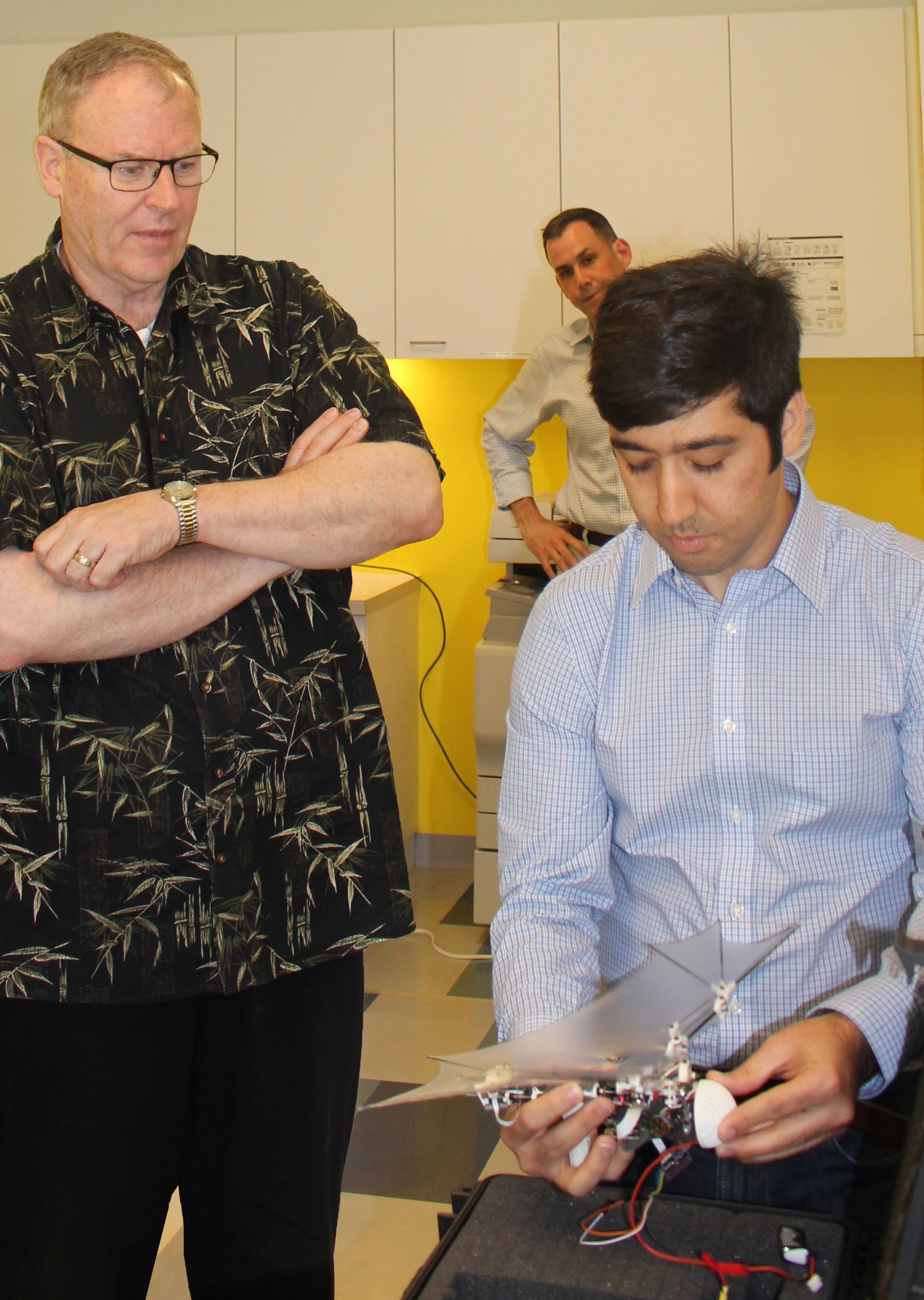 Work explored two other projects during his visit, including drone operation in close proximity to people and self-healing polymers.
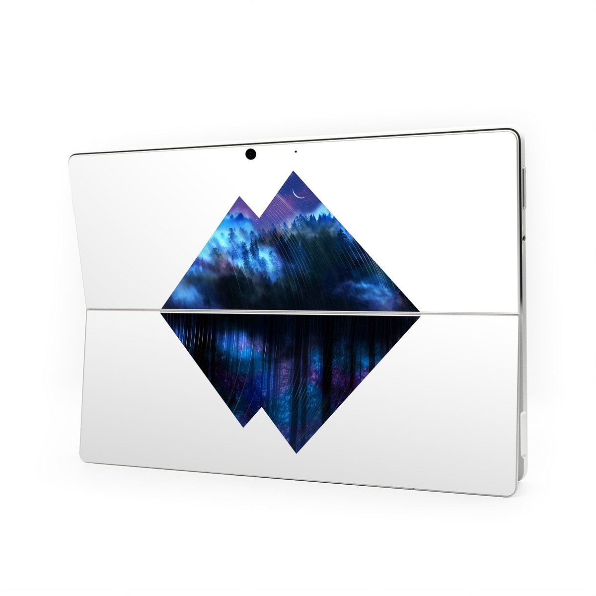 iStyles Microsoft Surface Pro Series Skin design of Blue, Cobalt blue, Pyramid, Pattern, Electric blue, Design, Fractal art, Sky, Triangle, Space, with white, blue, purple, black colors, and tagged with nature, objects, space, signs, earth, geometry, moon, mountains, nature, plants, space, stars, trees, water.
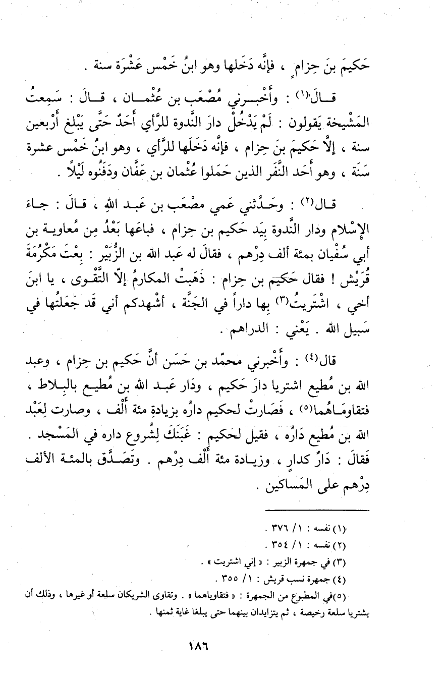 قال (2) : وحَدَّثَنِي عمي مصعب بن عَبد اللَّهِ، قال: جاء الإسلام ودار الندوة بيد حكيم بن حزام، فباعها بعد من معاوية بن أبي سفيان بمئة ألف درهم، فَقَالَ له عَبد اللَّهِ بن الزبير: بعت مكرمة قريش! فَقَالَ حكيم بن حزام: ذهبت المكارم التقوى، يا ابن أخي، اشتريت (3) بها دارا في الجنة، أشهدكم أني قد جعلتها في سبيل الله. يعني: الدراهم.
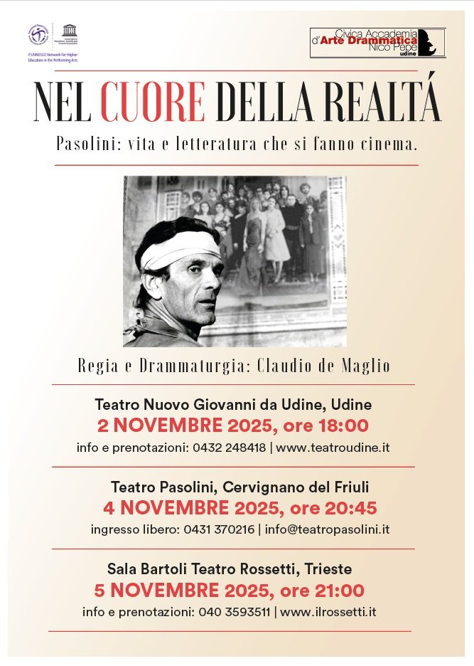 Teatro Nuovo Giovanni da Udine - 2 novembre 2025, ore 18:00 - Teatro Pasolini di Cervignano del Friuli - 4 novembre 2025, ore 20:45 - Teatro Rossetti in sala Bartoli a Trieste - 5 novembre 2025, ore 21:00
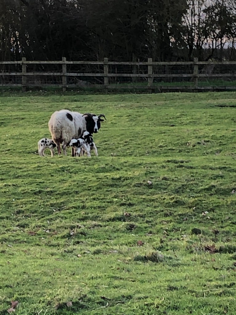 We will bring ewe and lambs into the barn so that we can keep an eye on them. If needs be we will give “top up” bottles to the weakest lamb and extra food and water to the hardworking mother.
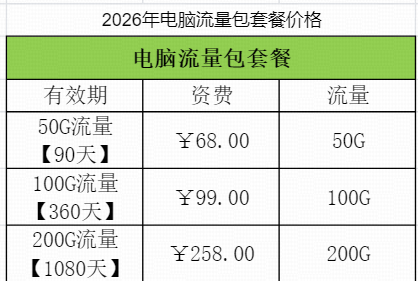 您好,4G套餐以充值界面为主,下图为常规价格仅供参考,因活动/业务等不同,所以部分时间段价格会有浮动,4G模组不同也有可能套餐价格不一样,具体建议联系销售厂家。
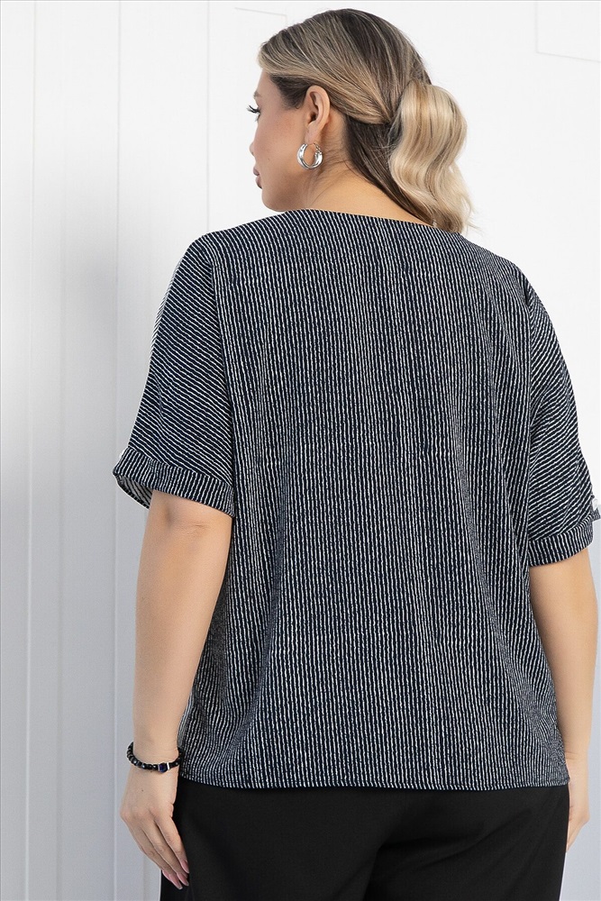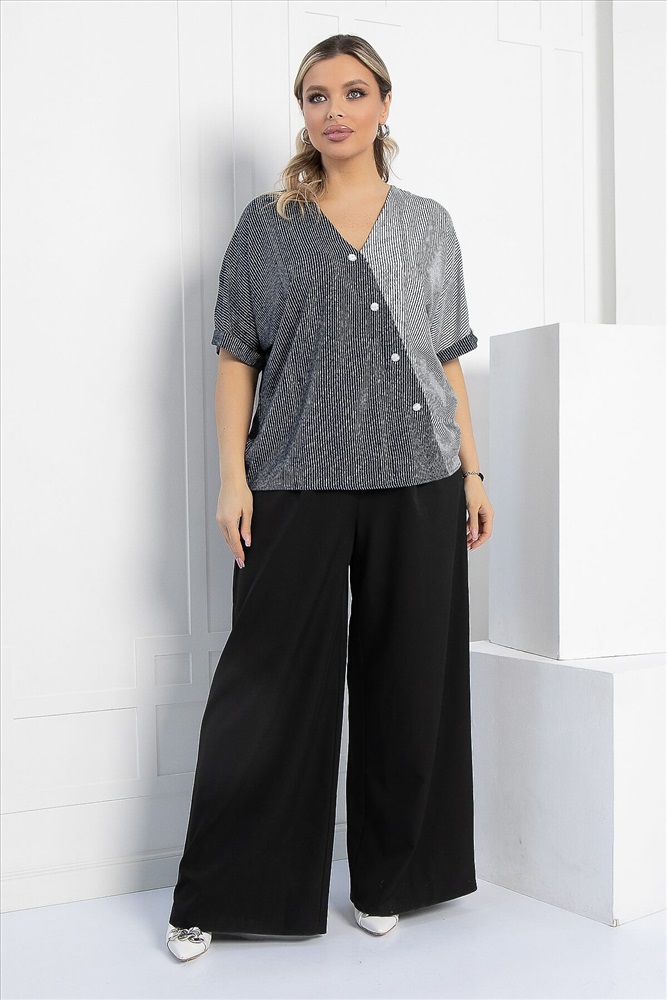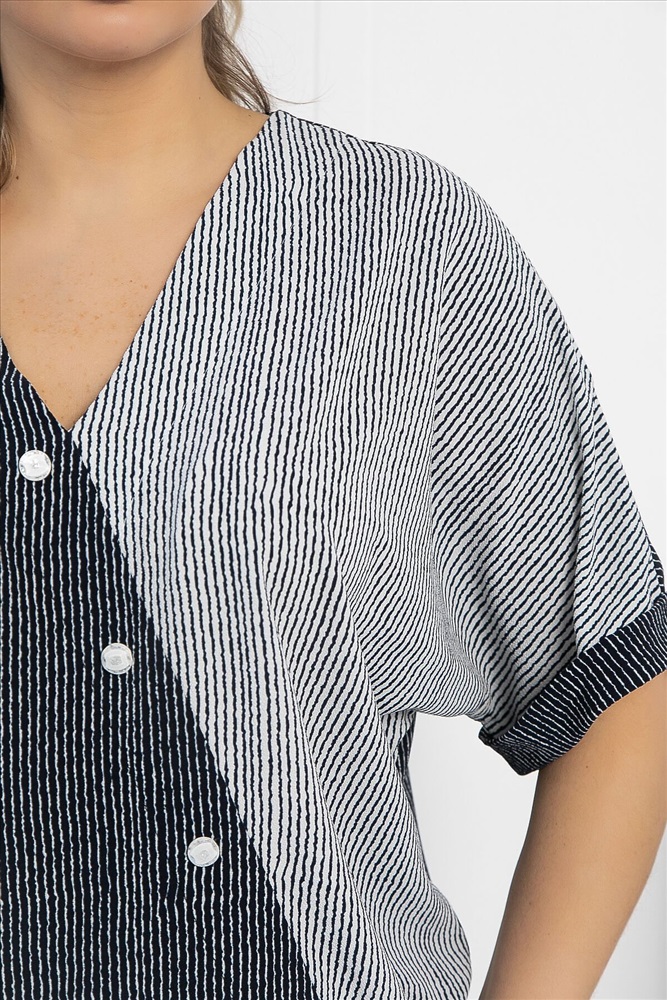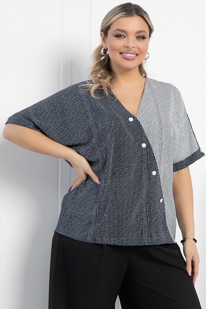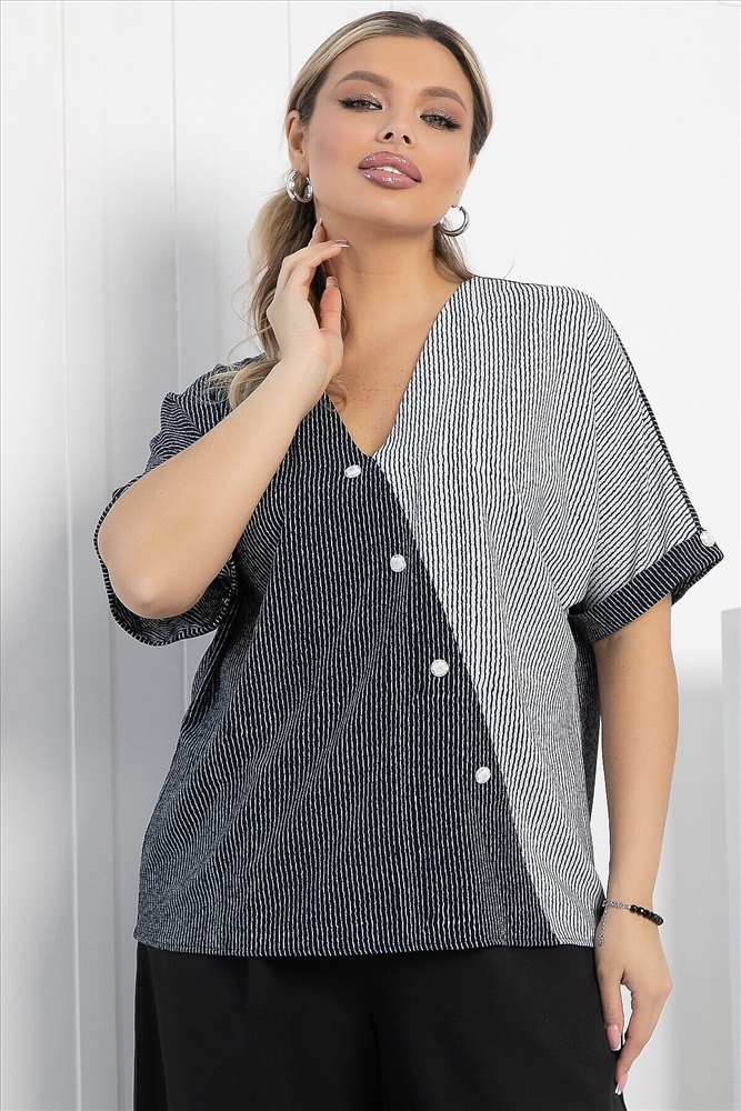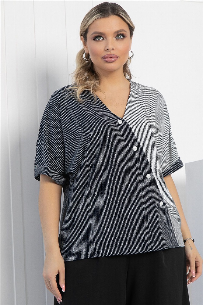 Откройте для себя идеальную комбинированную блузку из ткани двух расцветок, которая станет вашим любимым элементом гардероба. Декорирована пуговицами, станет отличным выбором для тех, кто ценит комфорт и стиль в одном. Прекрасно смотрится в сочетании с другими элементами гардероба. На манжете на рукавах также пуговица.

--- --- ---

Apart from its pictures, the material above should be repeated exactly.

 Work explored two other projects during his visit, including drone operation in close proximity to people and self-healing polymers.
 iStyles Microsoft Surface Pro Series Skin design of Blue, Cobalt blue, Pyramid, Pattern, Electric blue, Design, Fractal art, Sky, Triangle, Space, with white, blue, purple, black colors, and tagged with nature, objects, space, signs, earth, geometry, moon, mountains, nature, plants, space, stars, trees, water.
 قال (2) : وحَدَّثَنِي عمي مصعب بن عَبد اللَّهِ، قال: جاء الإسلام ودار الندوة بيد حكيم بن حزام، فباعها بعد من معاوية بن أبي سفيان بمئة ألف درهم، فَقَالَ له عَبد اللَّهِ بن الزبير: بعت مكرمة قريش! فَقَالَ حكيم بن حزام: ذهبت المكارم التقوى، يا ابن أخي، اشتريت (3) بها دارا في الجنة، أشهدكم أني قد جعلتها في سبيل الله. يعني: الدراهم.
 Teatro Nuovo Giovanni da Udine - 2 novembre 2025, ore 18:00 - Teatro Pasolini di Cervignano del Friuli - 4 novembre 2025, ore 20:45 - Teatro Rossetti in sala Bartoli a Trieste - 5 novembre 2025, ore 21:00
 We will bring ewe and lambs into the barn so that we can keep an eye on them. If needs be we will give “top up” bottles to the weakest lamb and extra food and water to the hardworking mother.
 您好,4G套餐以充值界面为主,下图为常规价格仅供参考,因活动/业务等不同,所以部分时间段价格会有浮动,4G模组不同也有可能套餐价格不一样,具体建议联系销售厂家。
 Откройте для себя идеальную комбинированную блузку из ткани двух расцветок, которая станет вашим любимым элементом гардероба. Декорирована пуговицами, станет отличным выбором для тех, кто ценит комфорт и стиль в одном. Прекрасно смотрится в сочетании с другими элементами гардероба. На манжете на рукавах также пуговица.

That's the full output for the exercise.